Dentist appointments are never good of, like me, you have a deep-seated fear of dentists. I would call it a phobia, but I'm pretty sure those are irrational fears, and my fear of dentists is entirely rational. (You go there, they stick needles in your mouth and drill holes in you - it's surely irrational not to find them terrifying). Of course, my opinion is coloured by the unfortunate combination of having teeth made of something with the consitency of cheese, and a not-very-nice childhood dentist.

This time, however, was fine - check up, and no need for any work, and I don't need to go back for another 10 months. Which is a relief.

Add in an appointment with the Nurse for a pelvic exam and it all adds up to the perfect day...

It's also been hectic at work, it's holiday time, which is a busy time for me, and of course means staff are off, so there are fewer people to help out. All fun.

Hopefully this weekend will be refreshing - I'm due to go to visit my sister & her partner, and spend the weekend sailing. I do hope that the weather is good.

Saturday, 8 August 2009

West Wiltshire Show

I have been very remiss, and not blogged much for the past couple of weeks, and when I had my camera out today and was looking at the pictures on it, I realised I never mentioned the West Wilts Show, which I went to 2 weekends ago.

The show is held in the park in Trowbridge, and if not usually particularly exciting. Unlike many of the county shows, or shows such as the Bath & West, it is not a farm show so there are no animals, nor are there events such as showjumping, police dogs or the like.

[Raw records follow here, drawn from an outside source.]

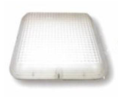
建議更換隧道壁燈的燈具款式
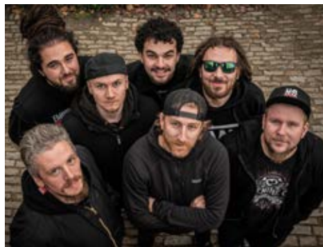
Kapela Helenine oči je headlinerem letošního ročníku

Zajímavé interpretace nabízí i aktuální ročník. Na louce za kolejemi u Studentského klubu Kampa vyroste v úterý 14. května pódium, na kterém se postupně představí kapela
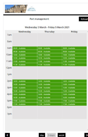
Figure1. Le calendrier visuel
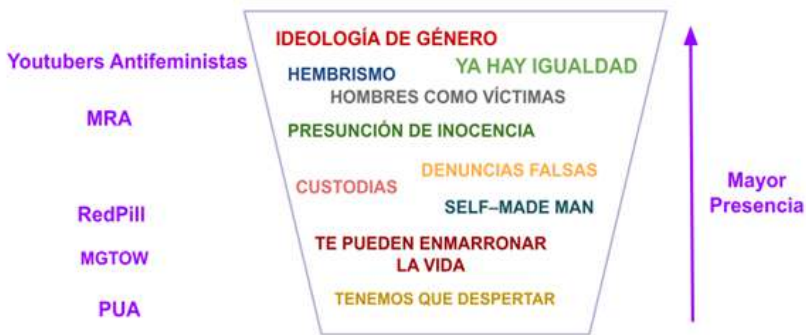
Figura 4: Presencia de discursos e ideas clave de la manosfera (con correspondencia a sus subculturas) con presencia en los grupos de discusión conducidos con varones jóvenes españoles.

En torno a los Gurús de la Seducción, pese a que alguno conocía a Mario Luna y Álvaro Reyes, no había demasiado rastro que hablase de la seducción como un juego a aplicar, o una inversión o el consentimiento de ellas como un final boss que superar, así como tampoco rastros de discurso biologicistas sobre la sexualidad. Así como se puede percibir en la etnografía, parece que todo el discurso de los Gurús de la Seducción ha perdido bastante sentido en España, en gran parte por la última eclosión del movimiento feminista, siendo que ese público y maestros se han ido acercando a un discurso más neoliberal y relacionado con las inversiones en criptomonedas, NFTs e inversiones de riesgo, con una lógica muy parecida de ofrecerte una metodología con la que ser un hombre exitoso.
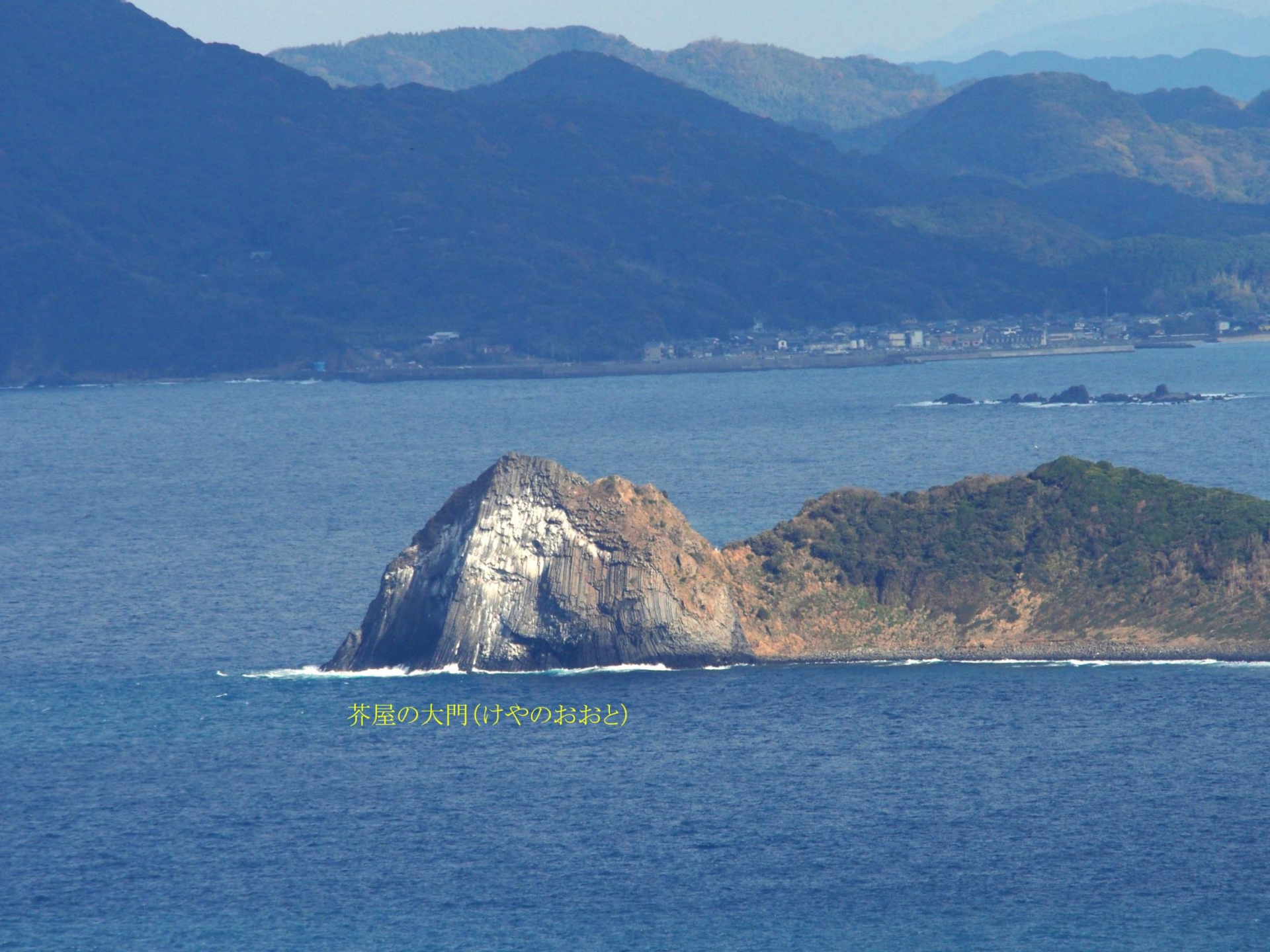
芥屋の大門(けやのおおと)

The majority of the exhibitors are commercial – predominantly motor sales & sellers of hot-tubs so far as I could see. There are also a small number of stalls selling locally produced food, various people selling their own crafts, and stalls for a number of charities. So far, so so-so, for me.

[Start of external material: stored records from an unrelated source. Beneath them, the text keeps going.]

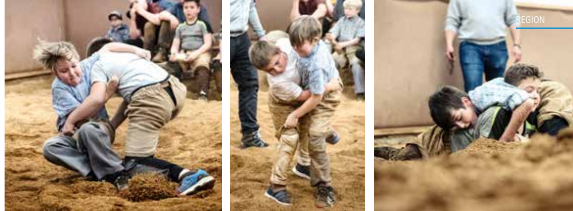
Der Nachwuchs des Schwingklubs Kulm ging beim 38. Becher-Schwinget beherzt zur Sache.
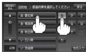
都道府県リスト画面
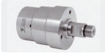
DYT. Max. 350 bar

Achse und Gehäuse Edelstahl. 4-fach gelagert. Wartungsfrei. DN 6. Anwendungsbereich: Speziell für hohe Drehzahlen und selbstrotierende Anwendungen konzipiert. Max. 2.000 U/min / 120 °C
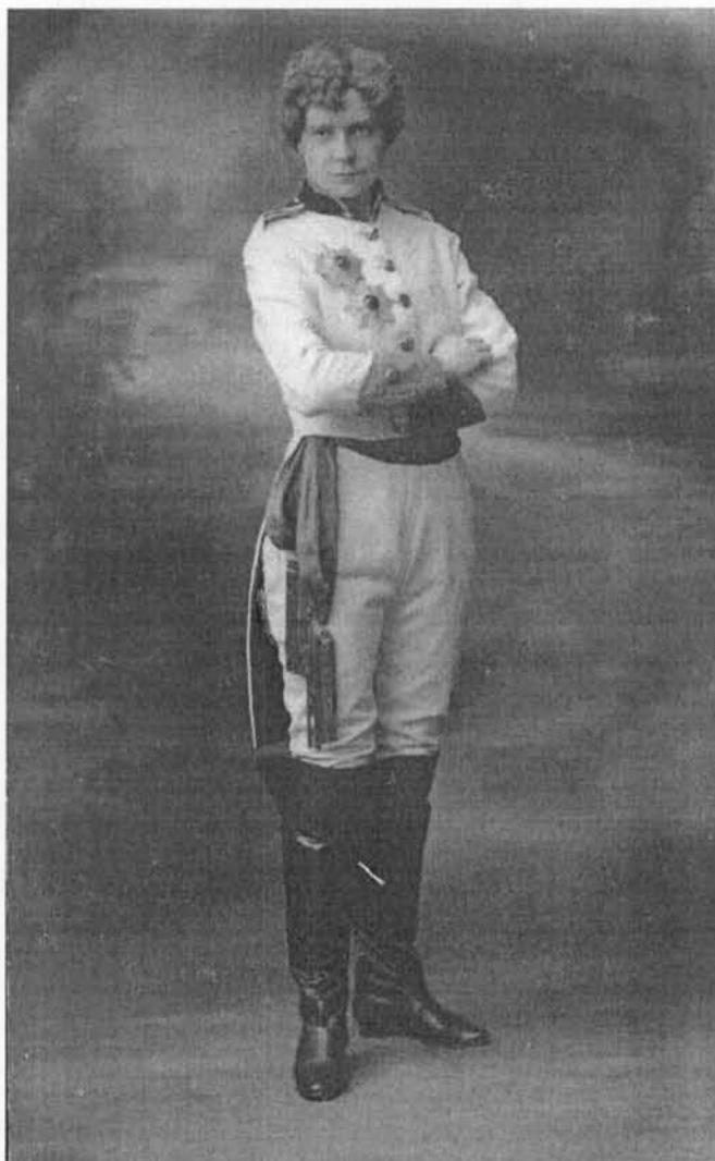
In “l’Aiglon” (1931)

Met het trio Van Thuyne verzorgde Angèle ook een “kunstauditie” in de Witte Zaal van het Oostendse Stadhuis 7 en een auditie in het Kursaal van Oostende 8
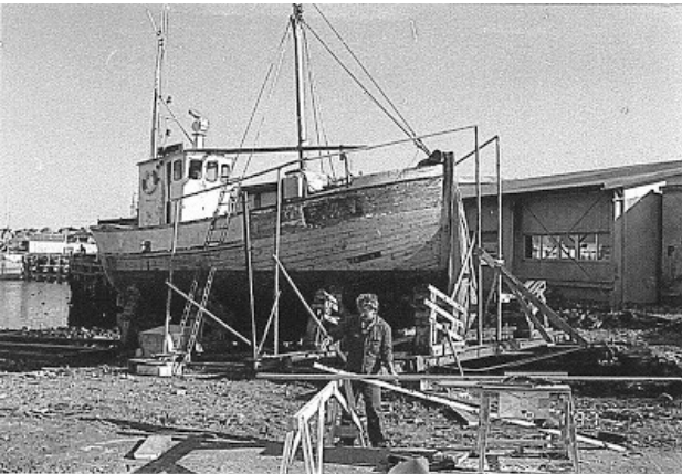
Einar II ble satt på slippen i Vardø 1997. Bildet er tatt før masta ble demontert.

Fartøyet har beholdt trestyrhus, men det er lagt aluminiumsfront. Videre er rekke, skanseledning og romluke utført i aluminium. Fartøyet har krysserhekk og opprinnelig kjettingstyring erstattet med hydraulisk styring. Det er stål aktermast og bilde fra 1997 viser formast av tre. Denne er imidlertid demontert. Det er tradisjonell innredning i lugar, men det er uvisst om denne er original. Nedgangskappe er av tre.
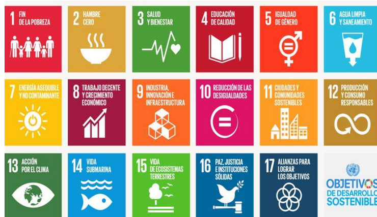
Ilustración 1. Objetivos de Desarrollo Sostenible (ODS)
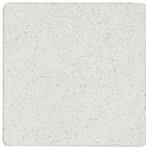
RASANTE MINERALE FRATAZZABILE

Fondo riempitivo pigmentato a base minerale per la preparazione dei supporti nei sistemi a base di Silicati, Calce e Silossanici. E' particolarmente indicato per il trattamento di fondi con diversa di assorbimento dovute a rappezzi con malte idonee o lievi discontinuità strutturali. Fondo di collegamento per l'applicazione di prodotti minerali su tutti i supporti, anche se precedentemente trattati con finiture sintetiche ben ancorate. Applicazione a pennello e rullo Granulometria: 0,2 mm Scheda Tecnica: D-06 Resa teorica: 4 - 7 mq/litro in funzione dell'assorbimento del supporto Colori disponibili: bianco

However, each pf the local towns also has their own marquee – most of these were much as you’d expect – members of the local chambers of commerce, the local council trying to be cheery about council tax and refuse collections, stall from a couple of local businesses, and so on. Bradford-on-Avon, however, had decided to make their tent a little more interesting. They had taken as their theme the 40th anniversary of the Moon landings, and had created their own lunar module as a centre piece.

As well as being a lovingly crafted model, they had personalised it – a close looked revealed that it’s badges were marked as ‘BoASA’ not ‘NASA’ (Bradford-on-Avon Space Agency)

One of the exhibitors in the tent was a local comic shop (Automatic Comics of Corsham) – they had two Imperial Storm Troopers in full costume helping at the stall, although it wasn’t clear whether they had also been involved in designing and building the Lunar Module.

Much more interesting that the chamber of commerce…

Friday, 7 August 2009

A Busy Week

It's been a odd sort of week. One of my colleagues has been on holiday so I had some hearings to cover on her behalf, and with the typical cussedness of life, one blew up and took the best part of two days of my week. Not her fault, it wasn't something she could have forseen, but time consuming and rather stressful, all the same.

Have you ever tried to find an interpreter, for a not-overly common language, in a small rural town at short notice? MmmMm. Not the easiest thing.

It's been a long, wet week.

But now it is Friday. And this weekend, there is nothing which I have to do, and they say that the sun will shine.